WHAT THIS TASK INVOLVES
Leave out every picture and set down, exactly, the lines below from the one holding "самовивоз - У" up to and including the one holding "El Salón del Caballo, con".

STUDY MATERIAL
*** Block opens ***

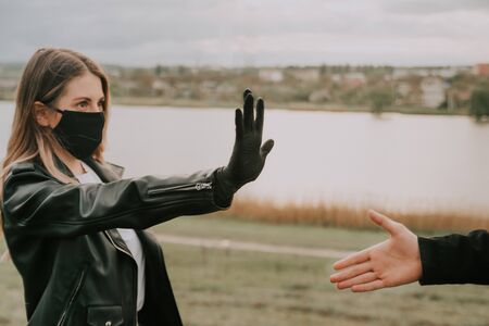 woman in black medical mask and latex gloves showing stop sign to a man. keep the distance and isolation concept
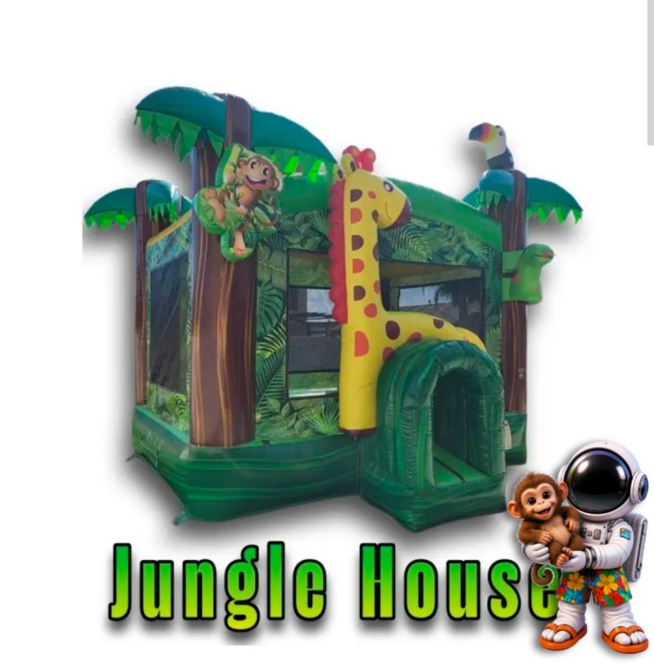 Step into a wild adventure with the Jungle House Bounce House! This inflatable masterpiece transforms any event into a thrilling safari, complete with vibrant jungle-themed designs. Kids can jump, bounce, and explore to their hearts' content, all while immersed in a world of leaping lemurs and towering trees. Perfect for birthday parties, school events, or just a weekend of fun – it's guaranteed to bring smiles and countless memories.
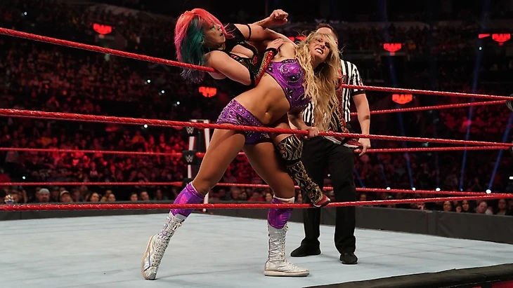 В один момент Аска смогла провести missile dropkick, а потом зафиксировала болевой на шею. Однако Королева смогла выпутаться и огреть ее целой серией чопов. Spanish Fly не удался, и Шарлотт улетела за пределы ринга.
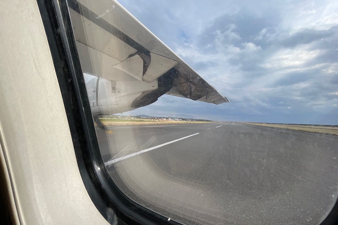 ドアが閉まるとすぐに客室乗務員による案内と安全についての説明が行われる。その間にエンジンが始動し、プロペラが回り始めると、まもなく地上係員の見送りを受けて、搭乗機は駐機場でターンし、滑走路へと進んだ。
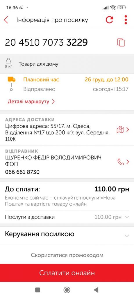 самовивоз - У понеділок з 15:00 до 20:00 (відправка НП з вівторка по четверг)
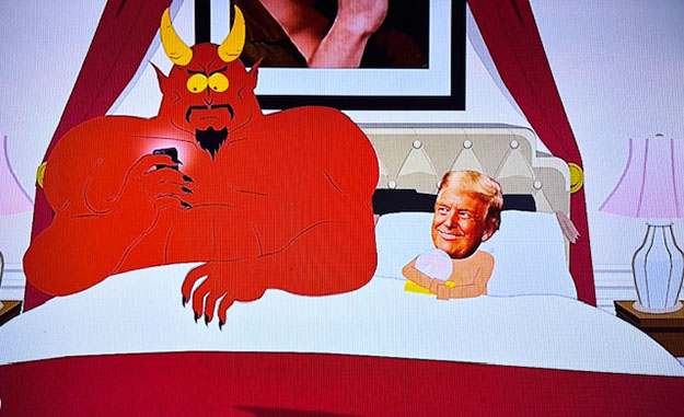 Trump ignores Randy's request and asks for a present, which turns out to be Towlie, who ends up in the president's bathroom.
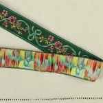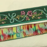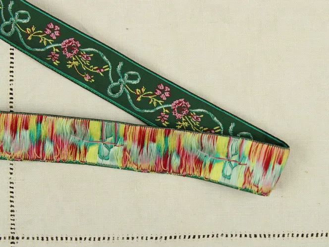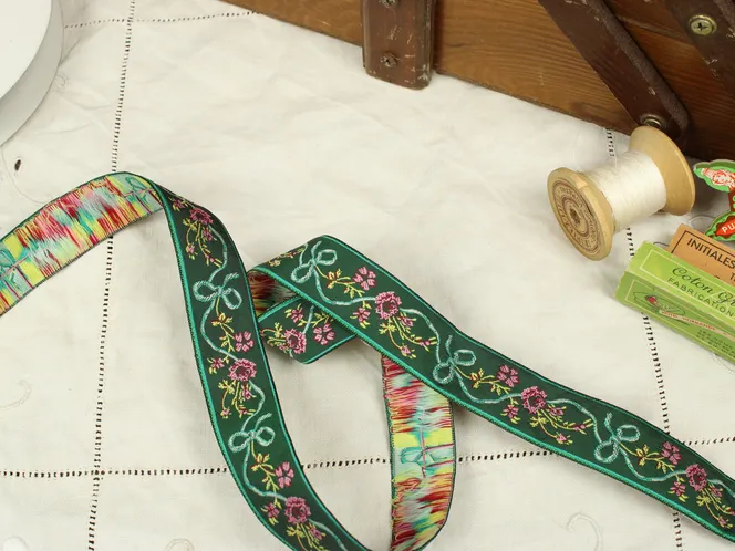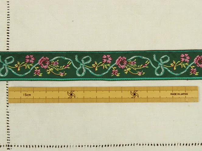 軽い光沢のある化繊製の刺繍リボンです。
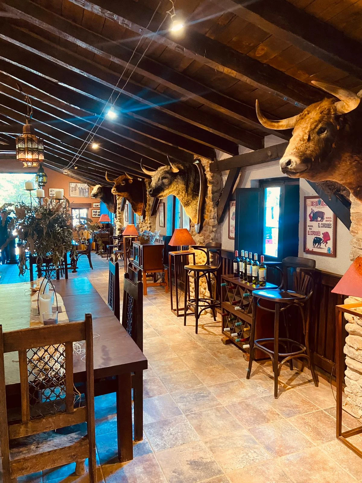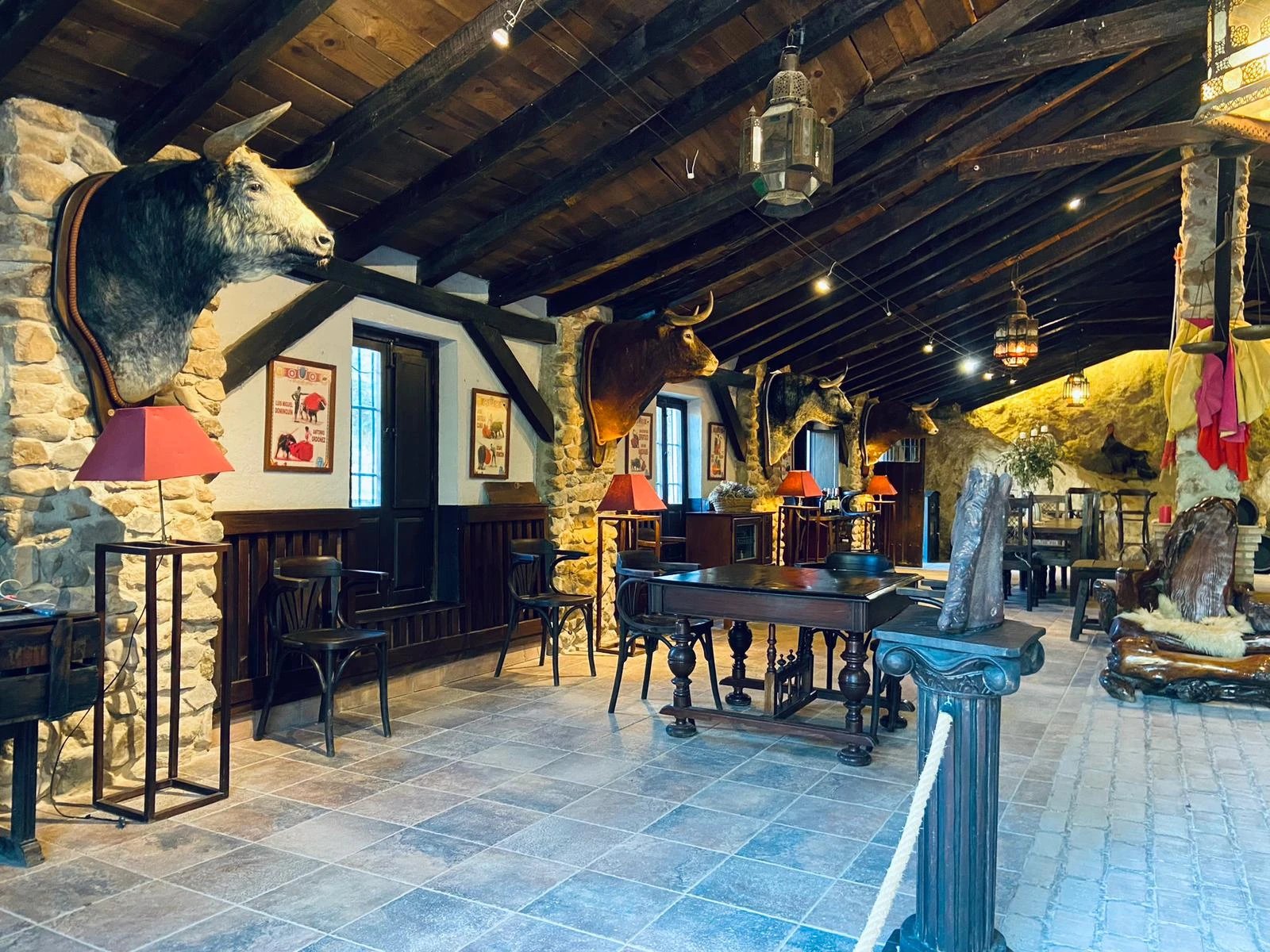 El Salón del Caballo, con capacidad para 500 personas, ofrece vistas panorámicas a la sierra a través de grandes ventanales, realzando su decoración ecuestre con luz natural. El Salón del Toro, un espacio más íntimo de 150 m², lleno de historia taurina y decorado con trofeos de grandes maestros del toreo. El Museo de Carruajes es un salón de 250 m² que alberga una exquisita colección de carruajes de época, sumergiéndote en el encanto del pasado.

*** Block closes ***
*** Block opens ***

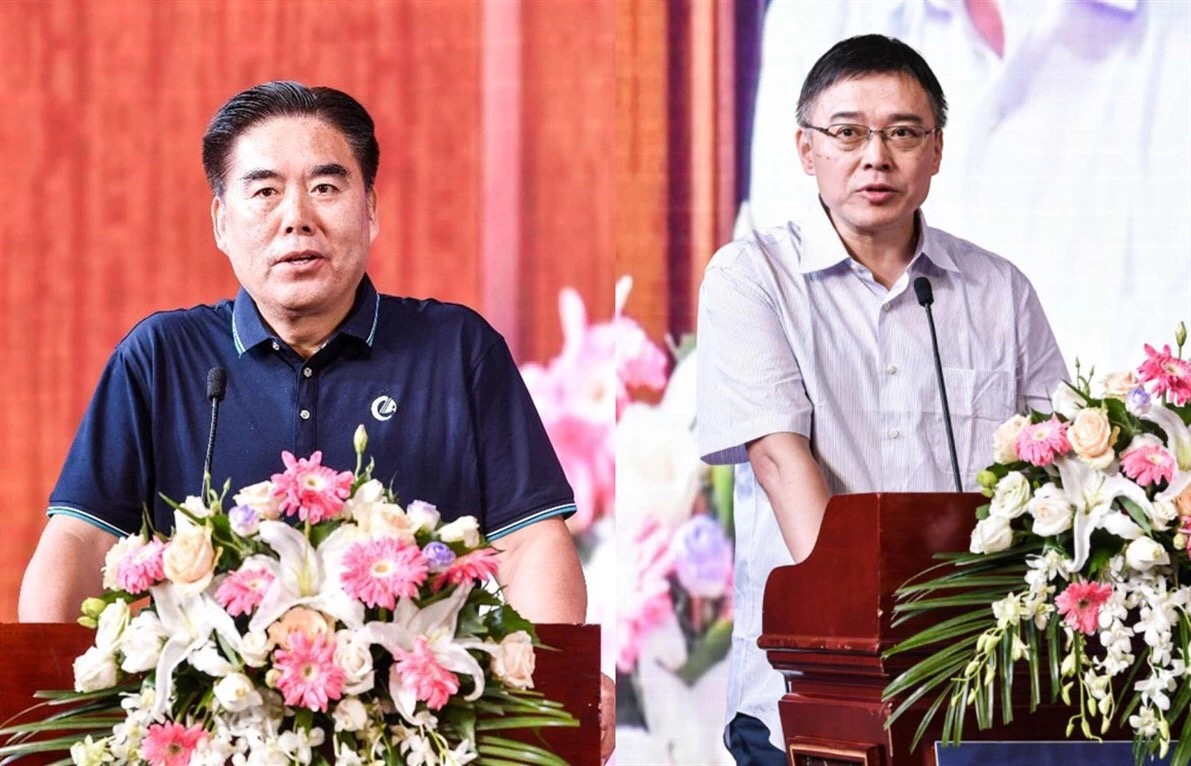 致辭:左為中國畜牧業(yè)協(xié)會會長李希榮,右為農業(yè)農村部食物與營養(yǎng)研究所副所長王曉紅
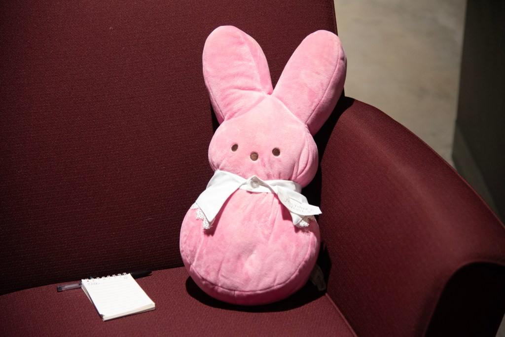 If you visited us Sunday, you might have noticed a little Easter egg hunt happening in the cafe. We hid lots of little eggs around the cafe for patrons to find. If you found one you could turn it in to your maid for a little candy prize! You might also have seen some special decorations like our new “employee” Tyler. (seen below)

*** Block closes ***

ANSWER AREA
 самовивоз - У понеділок з 15:00 до 20:00 (відправка НП з вівторка по четверг)
 Trump ignores Randy's request and asks for a present, which turns out to be Towlie, who ends up in the president's bathroom.
 軽い光沢のある化繊製の刺繍リボンです。
 El Salón del Caballo, con capacidad para 500 personas, ofrece vistas panorámicas a la sierra a través de grandes ventanales, realzando su decoración ecuestre con luz natural. El Salón del Toro, un espacio más íntimo de 150 m², lleno de historia taurina y decorado con trofeos de grandes maestros del toreo. El Museo de Carruajes es un salón de 250 m² que alberga una exquisita colección de carruajes de época, sumergiéndote en el encanto del pasado.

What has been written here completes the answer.